Specifically, when a user clicks on a link or selects some other
control requesting more information about an individual analysis
algorithm 344, the tutorial UI 342 may invoke the corresponding
analysis algorithm UI 343, and may receive user input and events
from the analysis algorithm UI 343.
[0075] The analysis algorithms 344 are at the heart of the data
analysis software 340. There are many well known data analysis
algorithms, and there are many well known data layout presentation
algorithms such as Distributed Recursive Graph Layout ("DrL") and
its variations. Data analysis algorithms 344 may include custom
algorithms for data analysis, including network analysis. Data
analysis algorithms 344 may include operations that do not
necessarily perform analysis on the data analysis model stored in
system database 320 directly but may perform supplementary
statistical operations or other related functions in support of
data analysis. Accordingly, a data analysis algorithm is
potentially any algorithm that performs some operation on the data
analysis model or provides intermediate functions to enable
operations on the data analysis model.
[0076] Special algorithms to support the operation of data analysis
algorithms are converters 345. Data analysis engine 341 determines
whether the output of a data analysis algorithm 344 is compatible
with the input of another data analysis algorithm 344. If it is not
compatible, data analysis engine 341 automatically determine the
output and input formats, and selects a converter 345 that is able
to convert the output format into a compatible input format. The
converter 345 need not convert the output of a data analysis
algorithm 344 to the precise format expected by the input of the
data analysis algorithm to be pipelined with. For example, an input
may preferentially require a comma separated variable file but may
accept a simple text file. If a converter to a comma separated
variable file is not available, then a converter to a text file may
be selected by the data analysis engine 341 instead. Converters 345
can also apply to the structure of the data output as well. If
necessary, the data analysis engine 341 may select multiple
converters 345 to change the output format into the correct input
format. For example, a first converter may change text output to
fixed position format, and the fixed position format then converted
to comma separated variable. Thus converters 345 may potentially be
pipelined as well.
[0077] Queries can be performed against the data analysis model
either by applying data analysis algorithms 344 via the data
analysis engine 341, or by refining the data analysis via the data
visualization and data exploration software 350 or in combination
with each other in various stages. This state is stored either in
the system database 320 or alternatively persisted locally on the
client 250 or 260. The state to be able to reproduce a query, any
associated reporting, or the query result may be exported by the
query exporter 346. The query exporter 346 may export a backup, or
may apply encryption or compression to some or all of the query,
supporting data, and query result. Thus a user, who goes through
the effort to (1) develop a detailed pipeline of algorithms, (2)

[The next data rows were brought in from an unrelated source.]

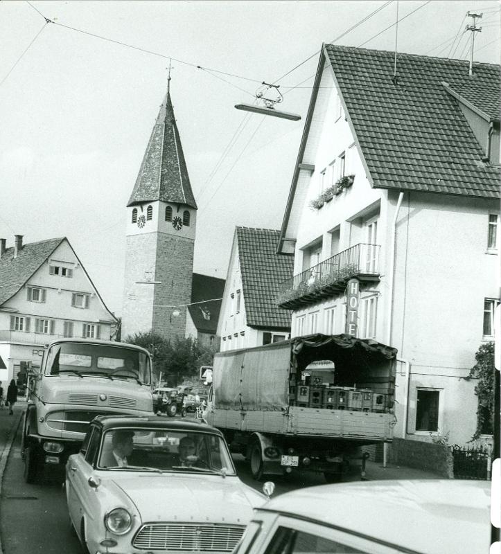 Die Führung geht auf Spurensuche zur Mobilität im Ortskern von Bernhausen.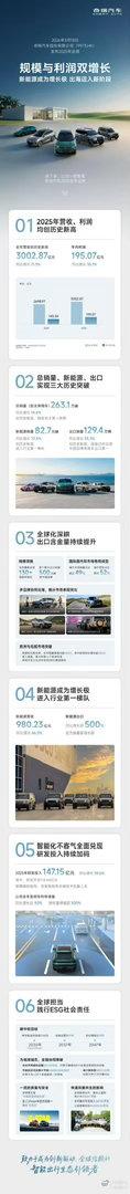 3月18日,奇瑞汽车股份有限公司发布2025年全年业绩,这是其在香港上市后的首份年报。报告显示,2025年奇瑞汽车全年营收达3002.87亿元,同比增长11.3%,首次突破3000亿元;年度利润为195.07亿元,同比大幅增长36.1%,两项核心经营指标均创历史新高。(快科技)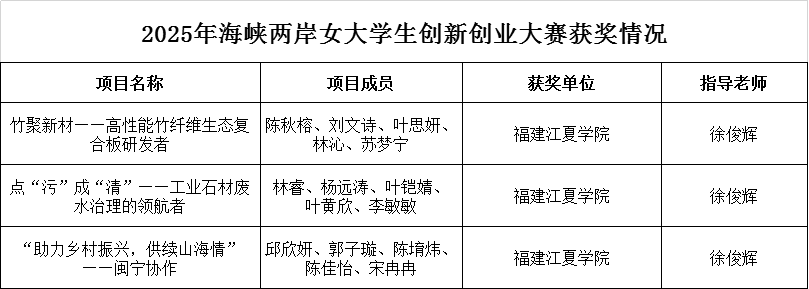 我校获奖项目不仅在技术研发与社会服务方面展现出扎实基础与前瞻视野,也体现了我校在推动专创融合、服务社会发展方面的积极探索。学校将继续搭建两岸青年交流平台,强化校企合作与成果转化机制,鼓励更多女大学生投身创新创业实践,为推动海峡两岸融合发展、服务地方经济社会发展持续贡献青春力量。
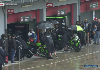 6 Tahun yang lalu - Cuaca tidak bersahabat saat akan berlangsung Race 2 WSBK Italia 2019 Hujan deras di sirkuit Imola, Italia.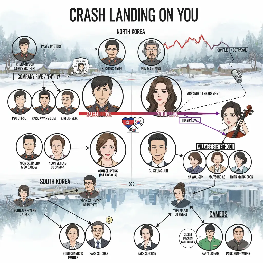 『愛の不時着』の最大の魅力は、個性豊かな登場人物たちとその関係性です。ここでは、物語の中心となる人物から脇を固める名優まで、彼らの相関図を詳しく見ていきましょう。

apply converters, (3) create a query result, and (4) develop
complex reports, may not only save this work but also share the
work with others. Accordingly, the persisted queries, supporting
data, and query result may be distributed and sold over the
information market.
[0078] Data visualization and data exploration software 350 allows
the result of a data analysis to be viewed and manipulated. The
manipulation may include modifying how the query result is
graphically presented, modifying the underlying result data, or
even modifying the underlying query and data analysis algorithms
itself. Accordingly, any state of the graphical presentation of the
data visualization software 350 or of the manipulations made with
the data exploration software 350 may be persisted in system
database 320 and exported via query exporter 346. Data
visualization and data exploration may be performed on either
offline or online data analysis results. Data exploration is
particularly powerful when performed online as the user may perform
modifications based on questions raised by previous modifications.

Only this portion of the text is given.